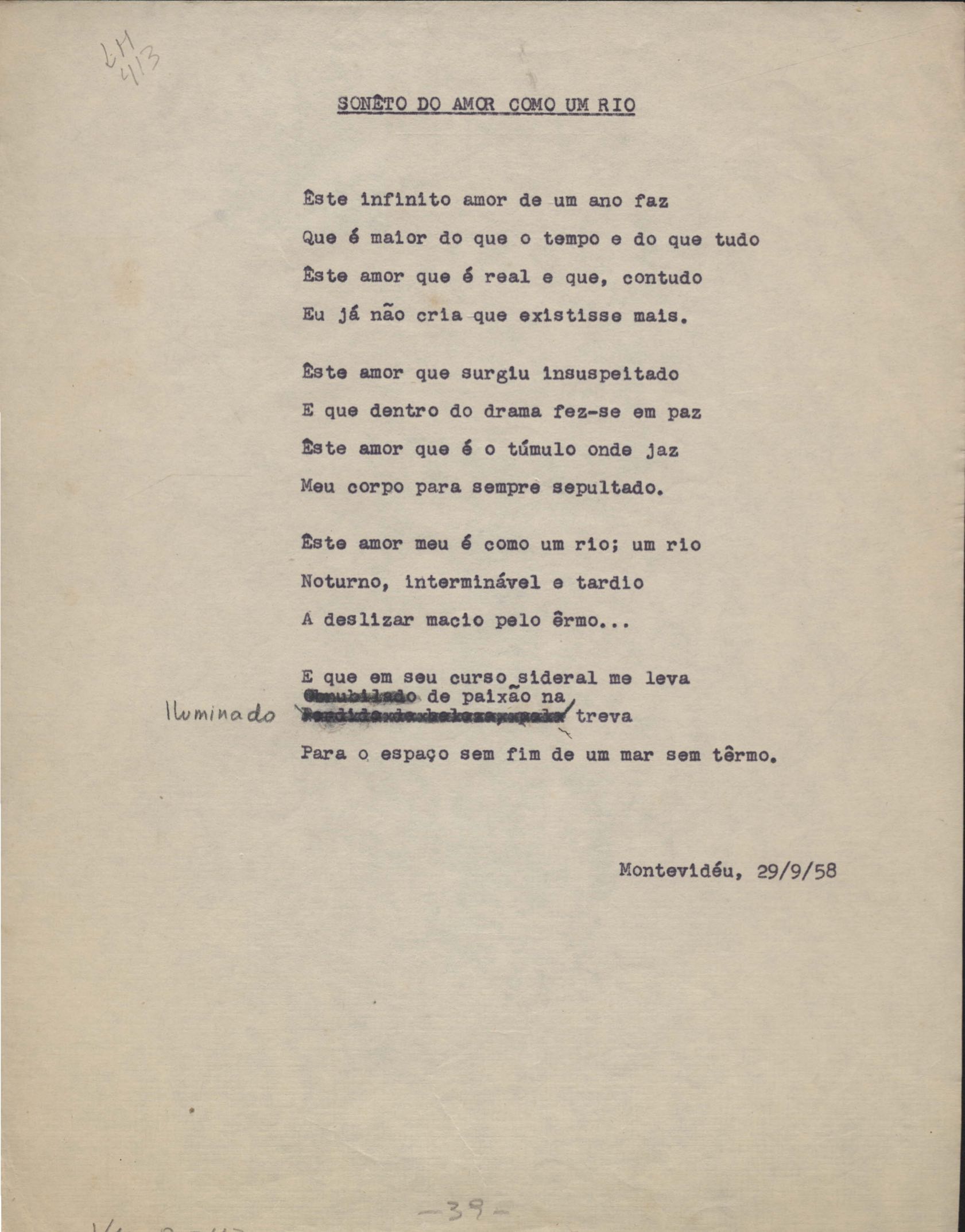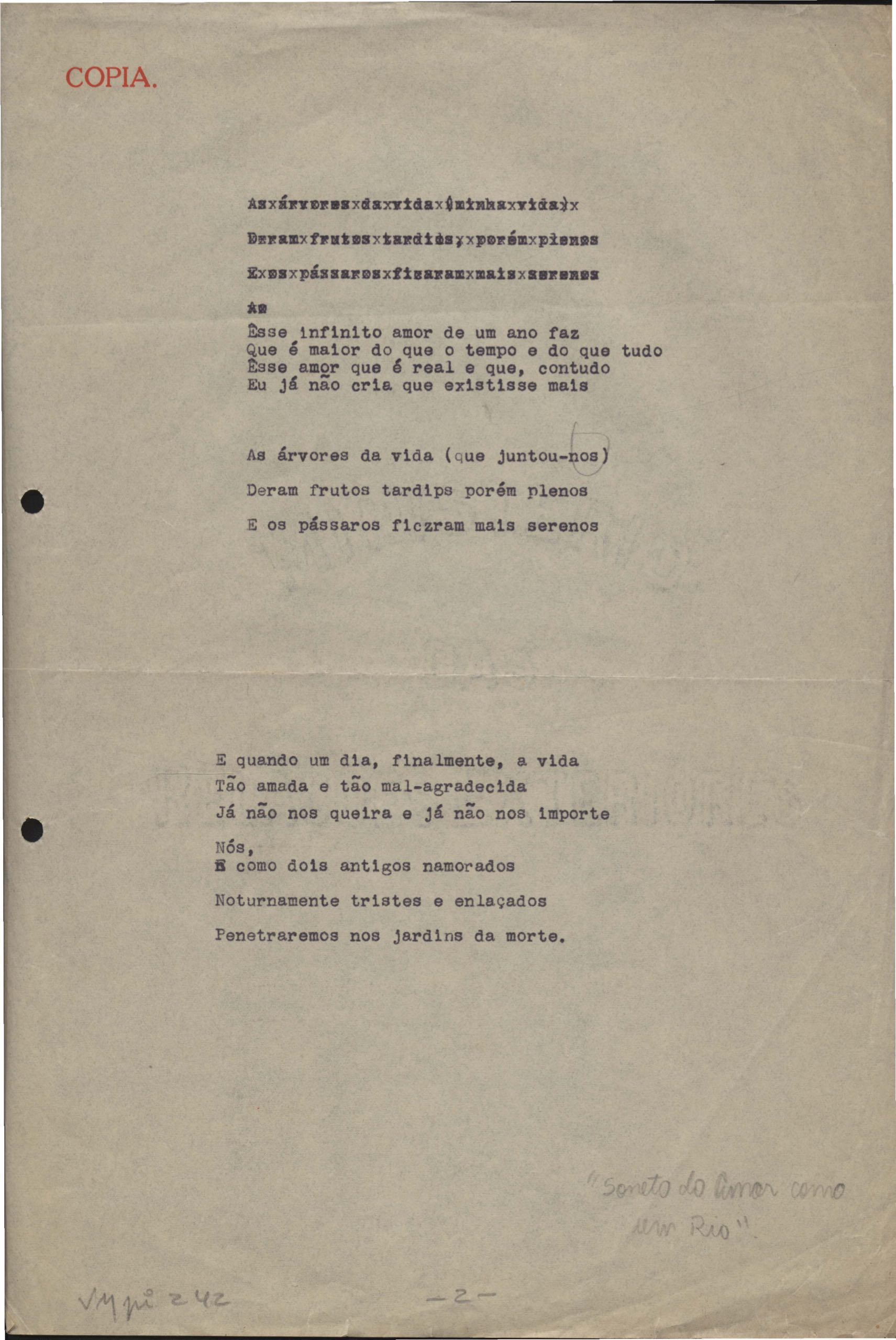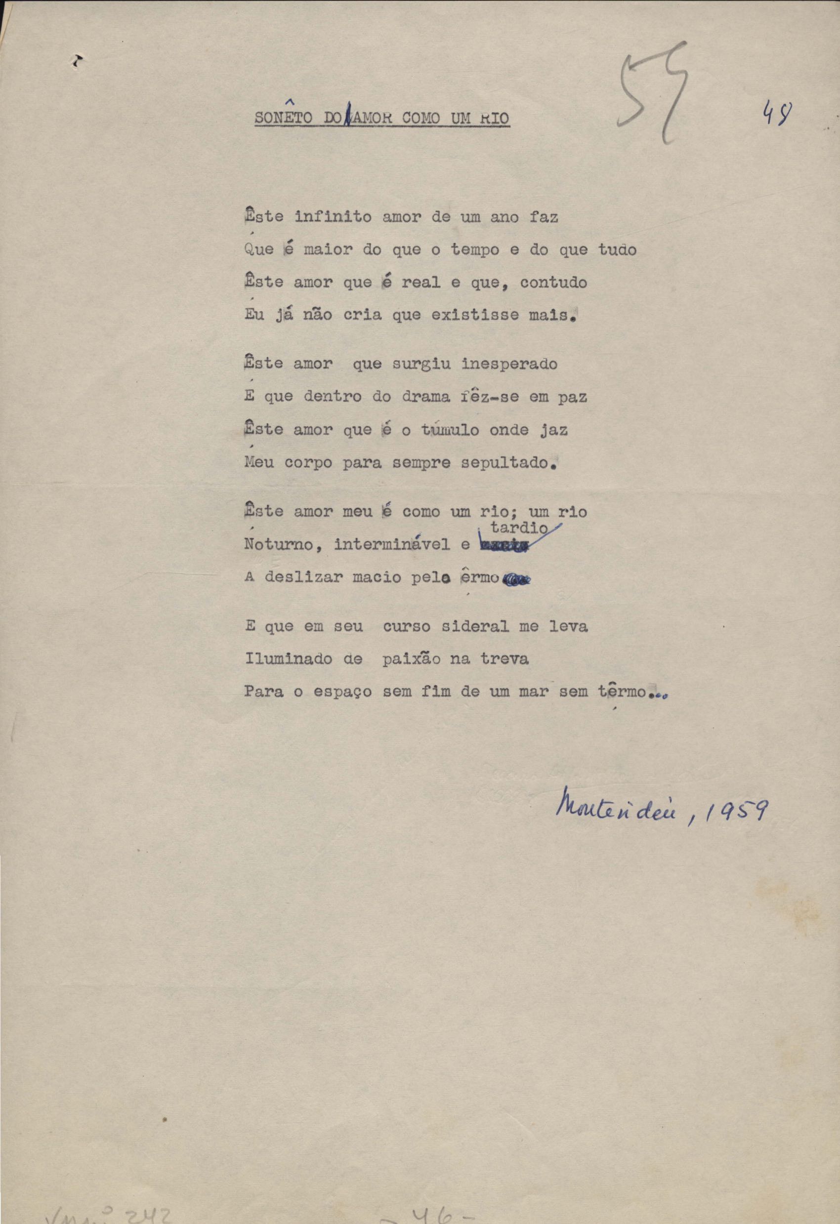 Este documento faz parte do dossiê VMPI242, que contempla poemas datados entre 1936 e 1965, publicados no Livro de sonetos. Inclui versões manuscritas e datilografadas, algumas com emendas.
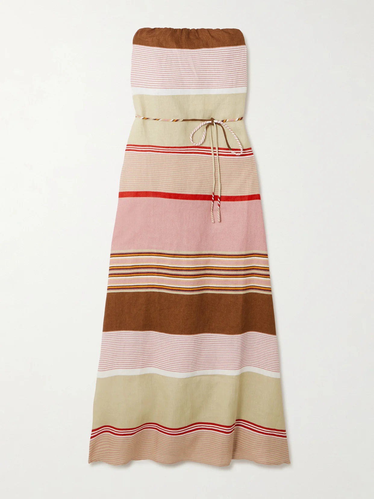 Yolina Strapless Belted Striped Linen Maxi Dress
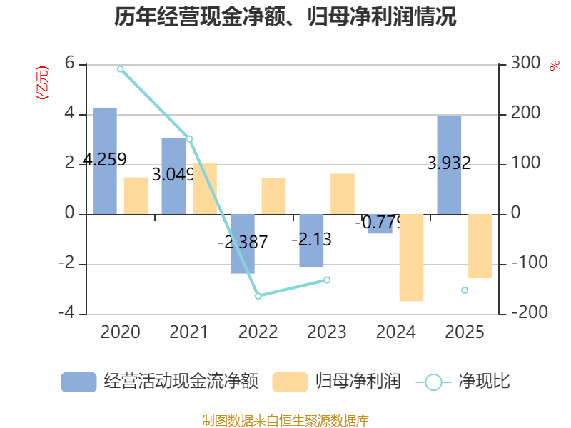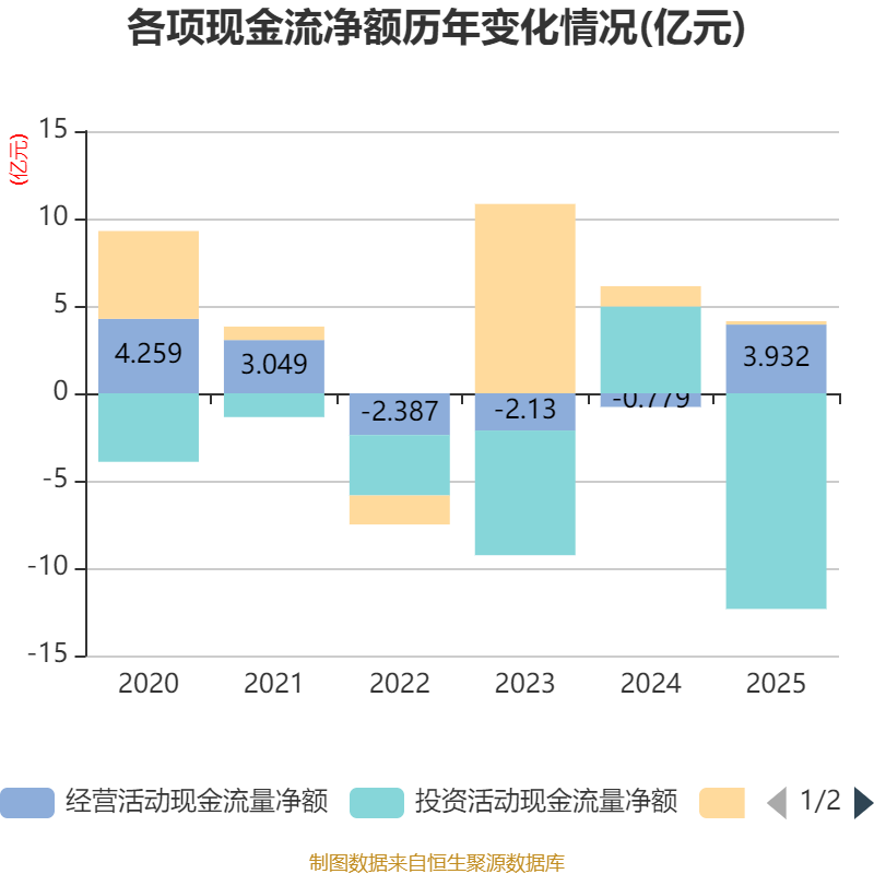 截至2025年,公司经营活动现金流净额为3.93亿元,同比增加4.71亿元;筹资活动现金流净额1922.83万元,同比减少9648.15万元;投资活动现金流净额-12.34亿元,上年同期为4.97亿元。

▶ _Description of the task_
An exact copy of the whole listing is required, minus the pictures.

▶ _Response to this exercise_
 Este documento faz parte do dossiê VMPI242, que contempla poemas datados entre 1936 e 1965, publicados no Livro de sonetos. Inclui versões manuscritas e datilografadas, algumas com emendas.
 Yolina Strapless Belted Striped Linen Maxi Dress
 截至2025年,公司经营活动现金流净额为3.93亿元,同比增加4.71亿元;筹资活动现金流净额1922.83万元,同比减少9648.15万元;投资活动现金流净额-12.34亿元,上年同期为4.97亿元。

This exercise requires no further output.